19. Ampère’s Circuital Law¶

Going back to the magnetic field due to an infinite wire in Equation (17.5):

\[B_\theta = \frac{\mu_0\,I}{2\pi\,r}\]

and recall that this expression (and it’s electric field counterpart in Fig. 15.8) is derived by considering some bounding surface around the line of charge. We found the boundary surface area from the circumference of the cylinders cross sectional area and multiplying by the cylinder length - but in essence we found a bounding contour for moving charges. If we rearrange our expression for the magnetic field:

\[B_\theta\,(2\pi\,r) = \mu_0\,I \Longleftrightarrow B \times (\text{boundary around I}) = \mu_0\,I_\text{{enclosed by boundary}}\]

We can consider breaking up this boundary (containing the current \(I\)) into elements \(\mathrm{d} {\bf \ell}\) and then through a contour integral find the LHS here, this would work therefore for any closed boundary would do, as depicted in Fig. 19.1.

Fig. 19.1 Depiction of Ampère’s circuital law, Left Pane - Applying Ampère’s law on a boundary outside or inside a cylindrical conductor carrying current \(I\).
Right Pane - Current \(I\) enclosed by some boundary in segments \(\mathrm{d} {\bf \ell}\).¶

Thus our expression for Ampère’s Law is given by:

(19.1)¶\[\oint_\ell {\bf B} \cdot\,\mathrm{d} {\bf \ell} = \mu_0 I_{enclosed} \]

19.1. Magnetic Field from a Wire¶

Now lets consider a thick wire, modelled as a cylinder of current \(I\) with cross sectional radius \(R\), as depicted in Fig. 19.1, we see akin to solving Gauss’s law, that there are two regimes of interest:

REGION I: \(r \geq R\)

Applying Ampère’s law, we find the \(I_{enclosed} = I\) here and therefore:

\[\oint {\bf B} \cdot \mathrm{d} {\bf \ell} = B_\theta\,(2\pi\,r) = \mu_0\,I \Rightarrow {\bf B} = \frac{\mu_0\,I}{2\pi\,r}\,\hat{{\bf \theta}}\]

REGION II: \(r < R\)

In order to find the \(I_{enclosed}\) we can see from Equation (17.2) that for a conductor \(I \propto A\) and therefore we can calculate the uniform current density \(\rho = I / A\). Therefore here:

\[\oint {\bf B} \cdot \mathrm{d} {\bf \ell} = B_\theta\,(2\pi\,r) = \mu_0\,I\left(\frac{\,\pi\,r^2}{\pi\,R^2}\right) \Rightarrow {\bf B} = \frac{\mu_0\,I\,r}{2\pi\,R^2}\,\hat{{\bf \theta}}\]

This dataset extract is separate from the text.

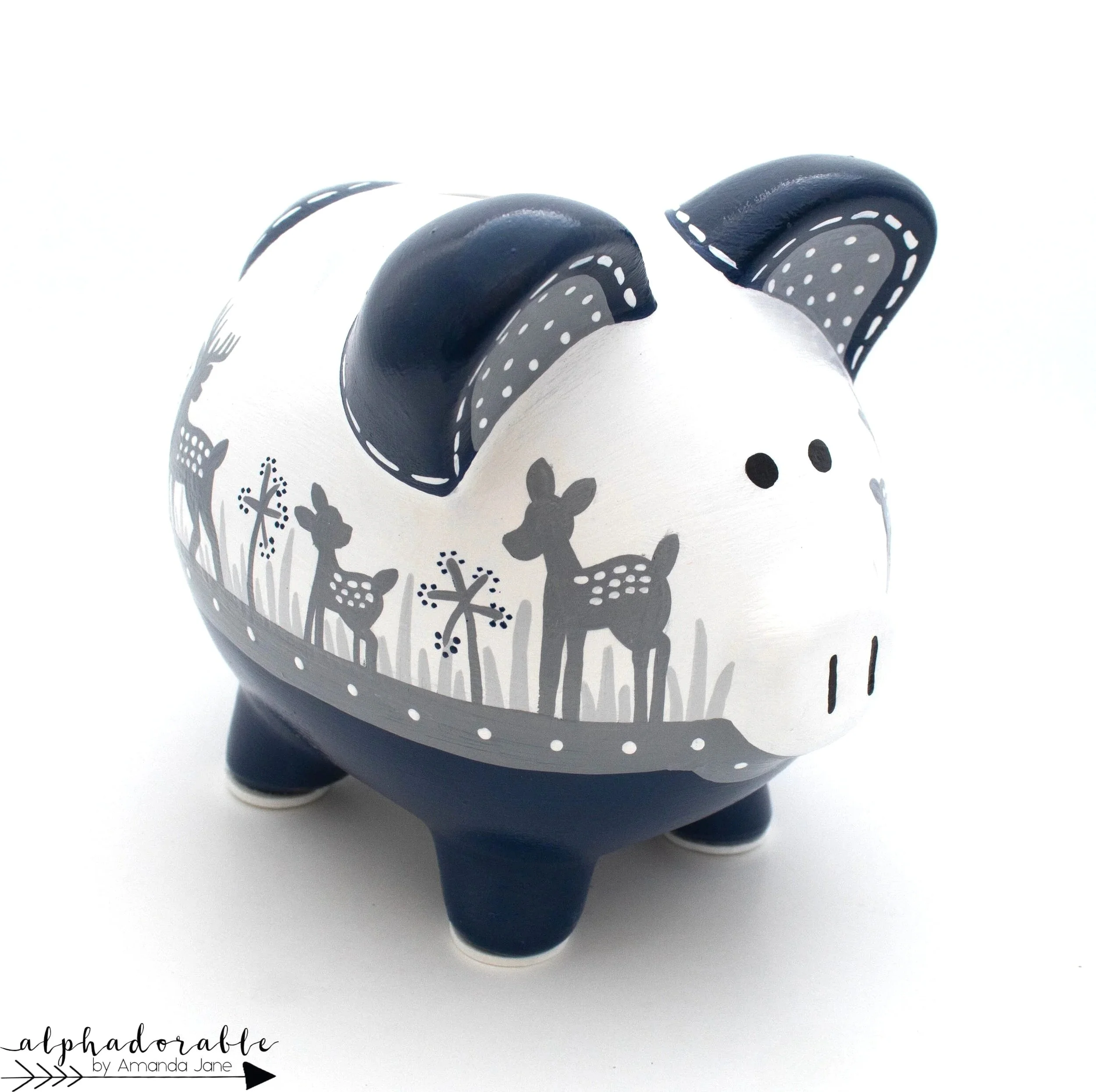 Moonlight Meadow: Woodland Forest Piggy Bank with Deer

We see that at the boundary of the wire, \(r = R\), these two magnetic field expressions agree. Therefore the magnetic field is given by the piecewise function:

\[\begin{split}{\bf B} = \begin{cases} \mu_0 \,I\, r / 2 \pi\, R^2 \,\hat{\bf \theta} & r < R \\ \mu_0 \,I / 2 \pi\, r \,\hat{\bf \theta} & r \geq R \end{cases}\end{split}\]

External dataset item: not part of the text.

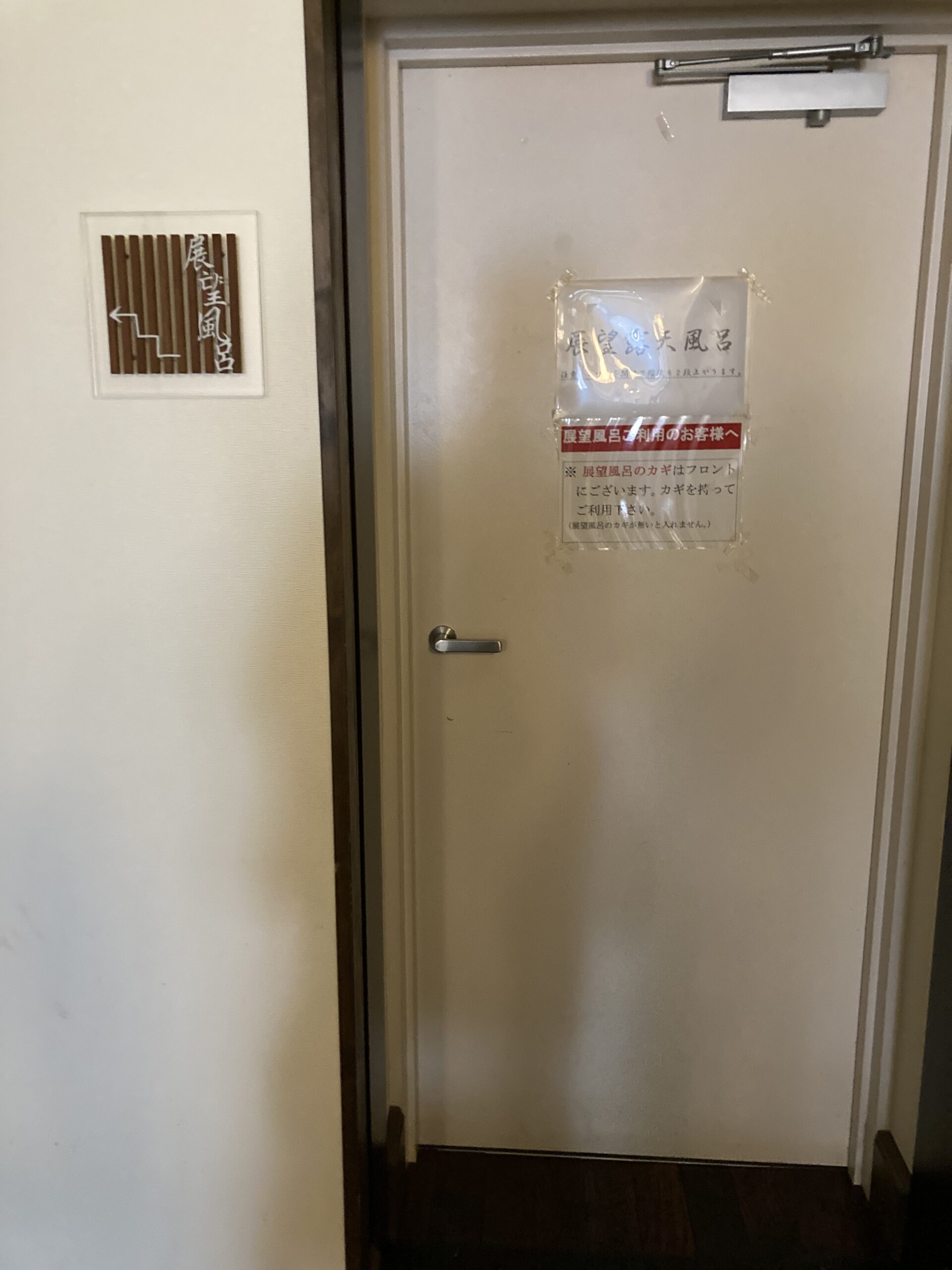 待ちに待った露天風呂へ行きます。夏しか入れない展望露天風呂に入りたくて再びきたものです。朝ごはん前に予約をとったので、向かいます。ここは鍵があるので、フロントで前の方が終わったのを確認して鍵を受取ります。入り終わったあともフロントへ鍵を戻すシステムです。

and we see a depiction of this in Fig. 19.2. Note that once again the fields expression coincide at the boundary \(r = R\).

Fig. 19.2 Magnetic field around a thick wire, with cross sectional radius \(R\), note the agreement of the fields at the boundary.¶

19.2. Displacement Current¶

Lets consider a simple circuit with a capacitor, as seen in Fig. 19.3, we could take an Ampère’s law path from the current flowing in to or out of the capacitor to a path cutting through the capacitor.

Fig. 19.3 Applying Ampère’s law to a capacitor with no direct current between the plates.¶

This is problematic because there is no current flowing through the capacitor, yet the exact path taken when calculating Ampère’s law should not change the outcome of the expression! What we do see however is an electric field flowing within the capacity, this results in a current flowing at the other end of the capacitor, so we would expect some form of magnetic field contribution. To resolve this, consider the rate of flow of charge \(I = \partial Q/\partial t\) in to or out of the capacitor, from Gauss’s law we know that:

\[Q = \epsilon_0 \iint {\bf E} \cdot \mathrm{d} {\bf A} \Longrightarrow I_{capacitor} = \frac{\partial Q}{\partial t} = \frac{ \partial}{\partial t}\left( \epsilon_0 \iint {\bf E} \cdot \mathrm{d} {\bf A}\right) = \epsilon_0 \iint \frac{ \partial {\bf E}}{\partial t} \cdot \mathrm{d} {\bf A} \]

where we have made use of mixed partial derivatives commuting. Note that we drop the term \(\iint {\bf E}\cdot \mathrm{d} \left(\frac{\partial {\bf A}}{\partial t}\right)\) from the product rule, since the surface \(A\) is constant in time. So our final expression for Ampère’s law may be written:

\[\oint_\ell {\bf B} \cdot\,\mathrm{d} {\bf \ell} = \mu_0 I + \mu_0\epsilon_0 \iint\frac{\partial {\bf E}}{\partial t}\cdot \mathrm{d} {\bf A} \label{eqn:AmperesLawDC}\]

where we have added an additional Displacement Current \(I_D\):

\[I_D = \epsilon_0\iint\frac{\partial {\bf E}}{\partial t}\cdot \mathrm{d} {\bf A}\]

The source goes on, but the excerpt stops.